Year of the Mad King by Antony Sher1972. My first proper job as an actor was at the Liverpool Everyman, and my first show there was King Lear, directed by the company’s great Artistic Director, Alan Dossor – though by Everyman standards it was a very conventional production. An Australian actor, Brian Young, was too young for Lear, Jonathan Pryce was electric as Edgar, and I was the Fool. Inspired entirely by Michael Williams’ performance, I tried to make the character both funny and tragic. He became a scruffy little figure in a huge overcoat, with a slight underbite which gave an unintentionally goonish sound to anything he said. He was being laughed at, as much as with. This suited the cruelty of the play.

1982. When I began my career with the RSC, it was again playing the Fool in King Lear. Adrian Noble directed a brilliant, anarchic production, and Michael Gambon was the best Lear I’ve ever seen. The Fool didn’t just have an underbite now, he was disabled, hobbling about on inward-twisted feet. But he also had a red nose, a white-painted face, a battered bowler hat, and carried a miniature violin which he couldn’t play. He and Lear did little routines together – a ventriloquist act, a front-cloth act – and later, still together, they were plunged into the chaos of the storm. It ended with Lear accidentally stabbing the Fool to death in the mock-trial scene. (Hence explaining the Fool’s mysterious disappearance from the play.)

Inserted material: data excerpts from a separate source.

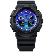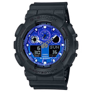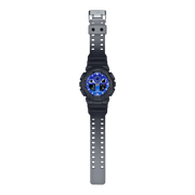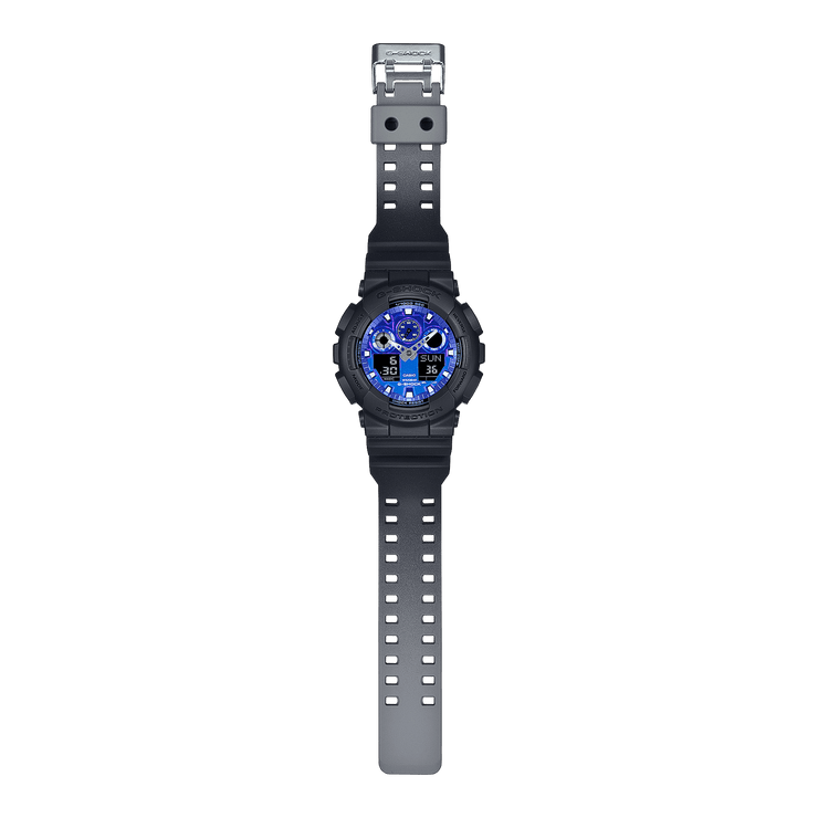 Fiery and bold G-SHOCK watches glowing with flames of awesome colour. G-SHOCK is all about taking on challenges, and the vivid colourful gradation of the Flame Inside line puts this blazing passion front and center. Beginning with the GA100 with distinctive large case and the GA2100 with octagonal case, the design brings in motifs of billowing smoke for the band and features a brightly burning dial in flames of blues or oranges. Choose your favourite look — the GA100FL-1A or GA2100FL-1A with vivid blue dial and gradated gray-on-black body, representing the hottest flames of conviction against rising white plumes of smoke; or the GA100FL-8A or GA2100FL-8A with bold orange dial and gradated black-on-gray body, evoking flames of fiery passion against a dark smokey backdrop.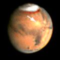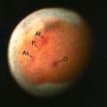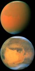 Im Jahr 2003 wurde die Entstehung und Entwicklung eines lokalen Staubsturms beoachtet. Die dabei angefertigte und in ihre drei Farbkanäle zerlegte Aufnahme zeigt deutlich, wie sich der atmosphärische Staub unter Zuhilfenahme verschiedener Filter kontrastreich abheben lässt.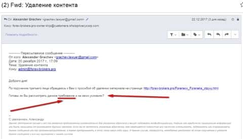 Поводом для уточнения информации стало "требование" от некоего Александра Грачева, которого попросили "третьи лица" попытаться удалить информацию об ушедшем брокере. И все бы хорошо, да только требовать нужно где-то в другом месте.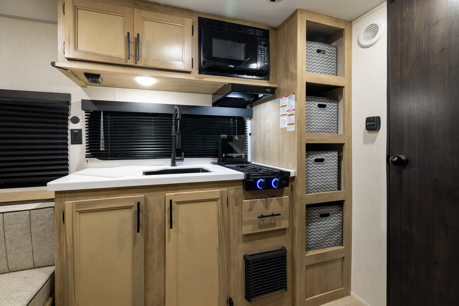 • Blackout Glass, Safety Slam, Friction Hinge Entry Door with Window and Shade Prep (N/A on LP models)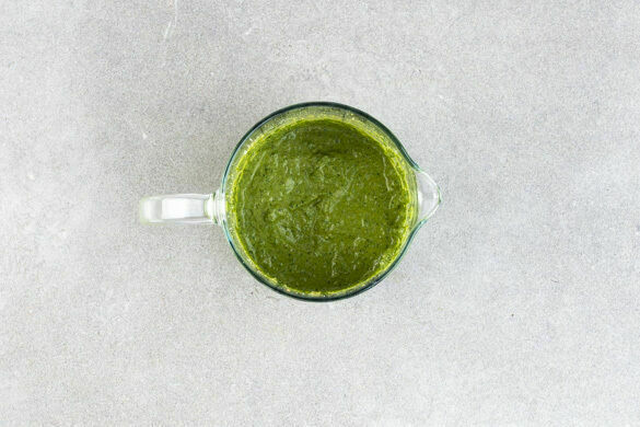 Den Backofen auf 220°C (200°C Umluft) vorheizen. Das Basilikum samt Stängeln grob schneiden. Den Knoblauch schälen und fein würfeln. Die ½ der Walnüsse mit 2 Handvoll Spinat, dem Basilikum, dem Knoblauch, 4EL Olivenöl, 3EL Wasser und je ½TL Salz und Pfeffer in einem hohen Gefäß zu einem glatten Pesto pürieren. Mit ggf. mehr Salz und Pfeffer abschmecken.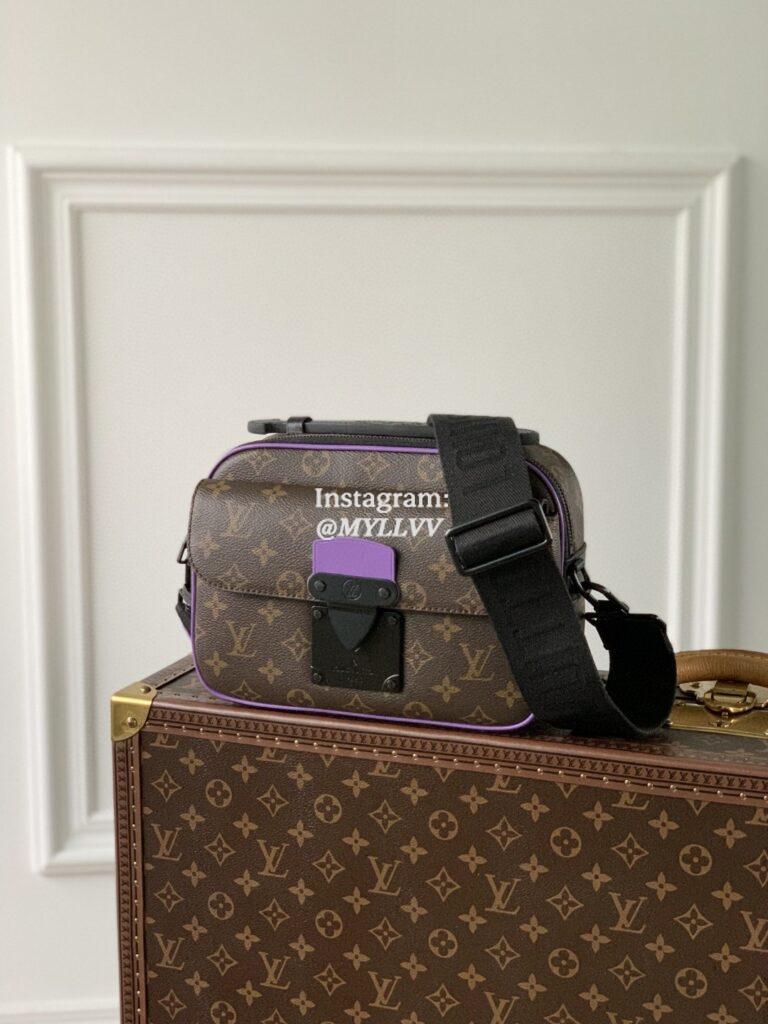 Top Quality Version:MYLLVV » Louis Vuitton Monogram Macassar Coated Canvas And Purple Cowhide Leather S-Lock Messenger Bag M46246

Today, sitting in my study, I put aside the A4 text from the RSC Literary Department. That only has the dialogue, but to fully understand the play, I’ll need help from the editor’s notes in one of the published editions. I look at my script from the 1982 production. We didn’t get issued with A4 typed-up scripts then, and mine was the old Arden edition, with a beautiful portrait of Lear in his crown of flowers on the cover (done by the artist Graham Arnold, a member of the Brotherhood of Ruralists). I open it. No good. It’s full of my sketches – of Adrian, Gambon, the rest of the cast, and my efforts to work out what the Fool might look like – and there are scribbled notes, and my lines are underlined in red. All this would be distracting. (Illustrated below left: sketch for the Fool, 1982)

Year of the Mad King by Antony SherI pick up another edition, the RSC’s own, edited by Jonathan Bate and Eric Rasmussen. I start to read the Introduction. It quotes Charles Lamb:

"The Lear of Shakespeare cannot be acted. The contemptible machinery by which they mimic the storm… is not more inadequate to represent the horrors of the real elements, than any actor can be to represent Lear."

I lower the book, sighing.

Well, nobody said this was going to be easy. After all, Lear is known as the Everest of Acting.

I’m always surprised that people think that the creation of a character happens in rehearsals, and that rehearsals happen a few weeks before the show opens. Not so. Impossible, in fact, with Shakespeare’s major roles. The RSC may regard the beginning of King Lear rehearsals as 20 June next year, but for me the beginning of rehearsals was today.